El crimen cometido en el centro comunitario homosexual en Tel Aviv generó una toma de conciencia en la opinión pública respecto a la actitud prejuiciosa y agresiva que existe en nuestra sociedad hacia el “otro”, aquél que es distinto al común denominador.

En este caso se trata de homosexuales y lesbianas pero el espectro del rechazo y la discriminación es mucho más amplio y abarca grupos diversos dentro de la sociedad israelí.

Generalmente, al reflexionar acerca de esta problemática, apuntamos a la discriminación existente respecto a árabes, trabajadores extranjeros, judíos de origen oriental o religiosos ortodoxos, entre otros. En general, se suele pensar que los grupos religiosos, especialmente aquellos de extracción ortodoxa son una de las comunidades menos contaminadas por sentimientos de discriminación. Ello, en atención a que los preceptos religiosos proclaman la obligación de amar al prójimo como a uno mismo, consideran al ser humano creado a imagen y semejanza de Dios y conciben a la humanidad como una gran familia originada en los tres hijos de Noé. Sin embargo, y paradójicamente, las comunidades judías ortodoxas suelen estar marcadamente alienadas hacia los grupos que son discriminados en la sociedad israelí.

En el caso de los homosexuales, la ortodoxia critica públicamente a esa población a la que califican con palabras muy duras. También el silencio de la colectividad judía ortodoxa es elocuente en relación al drama de los refugiados de Darfour, la problemática de los hijos de trabajadores extranjeros ilegales que han nacido en Israel, los cuales podrían ser expulsados del país o la situación de la minoría árabe israelí, entre otros grupos discriminados.

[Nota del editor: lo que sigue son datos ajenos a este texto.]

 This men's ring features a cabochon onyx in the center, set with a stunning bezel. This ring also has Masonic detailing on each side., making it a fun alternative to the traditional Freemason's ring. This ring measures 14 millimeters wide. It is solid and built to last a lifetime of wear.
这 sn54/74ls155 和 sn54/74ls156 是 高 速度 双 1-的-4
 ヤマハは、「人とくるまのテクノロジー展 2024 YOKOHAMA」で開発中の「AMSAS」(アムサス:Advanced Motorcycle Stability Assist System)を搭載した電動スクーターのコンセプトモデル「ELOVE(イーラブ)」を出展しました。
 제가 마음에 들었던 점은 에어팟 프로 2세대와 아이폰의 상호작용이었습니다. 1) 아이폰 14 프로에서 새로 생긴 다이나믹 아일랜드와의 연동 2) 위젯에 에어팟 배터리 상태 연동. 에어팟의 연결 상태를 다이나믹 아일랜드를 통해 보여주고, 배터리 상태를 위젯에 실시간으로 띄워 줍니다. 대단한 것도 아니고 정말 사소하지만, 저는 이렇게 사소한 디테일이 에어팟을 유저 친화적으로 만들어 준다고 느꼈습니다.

Ante esas problemáticas, y otras afines, el judaismo religioso ortodoxo, especialmente el grupo jaredí, permanece impasible y mudo. Esa actitud demuestra elocuentemente la crisis por la cual atraviesa la religiosidad ortodoxa, la cual permanece atrapada en una rutina de cumplimiento mecánico de preceptos, en un formalismo ritual, mientras se muestra impotente para ofrecer una guía espiritual y moral respecto a los grandes temas que preocupan a la sociedad israelí actual. En especial, ese tipo de religiosidad se desentiende de quienes no son judíos, ignora también a quienes no son judíos plenos de acuerdo a la ley religiosa, e incluso los judíos laicos son para esta corriente ortodoxa una especie de judíos de segunda categoría.
El trasfondo social y psicológico de la actitud alienada del judío ortodoxo hacia el “ajeno” es la mentalidad diaspórica que aún perdura en muchos de esos grupos; se trata de la desconfianza propia de una comunidad diaspórica que a lo largo de la historia se vio necesitada de defender su identidad frente a un entorno social hostil, levantando murallas cada vez más altas de preceptos y normas religiosas de carácter etnocéntrico.

Esa actitud separatista hacia el “otro-ajeno” se ha ido convirtiendo en una mentalidad cerrada y autosuficiente que se proyecta no sólo hacia afuera del colectivo judío sino también hacia adentro de la propia comunidad judía. Desde esa perspectiva, el judío laico es también un “otro” del cual hay que mantenerse apartado para evitar ser influido por su cultura hedonista y permisiva. Sin embargo, ahí no termina la dinámica de la discriminación y el separatismo de los grupos religiosos fundamentalistas.

También existen judíos religiosos respecto a los cuales el judío ortodoxo debe mantener distancia: se trata de los judíos conservadores y reformistas, seguidores de los movimientos religiosos liberales, que en opinión de la ortodoxia son más negativos aún que los laicos. Esa mentalidad de auto apartamiento y discriminación hacia otros, al convertirse en un modo de ser de las comunidades ortodoxas, se ve necesitada de buscar continuamente nuevos “otros” respecto a los cuales hay que cuidarse y tomar distancia. En ese sentido, los grupos ortodoxos de origen ashkenazita tratan de mantenerse apartados de los judíos religiosos orientales, originarios de los países árabes.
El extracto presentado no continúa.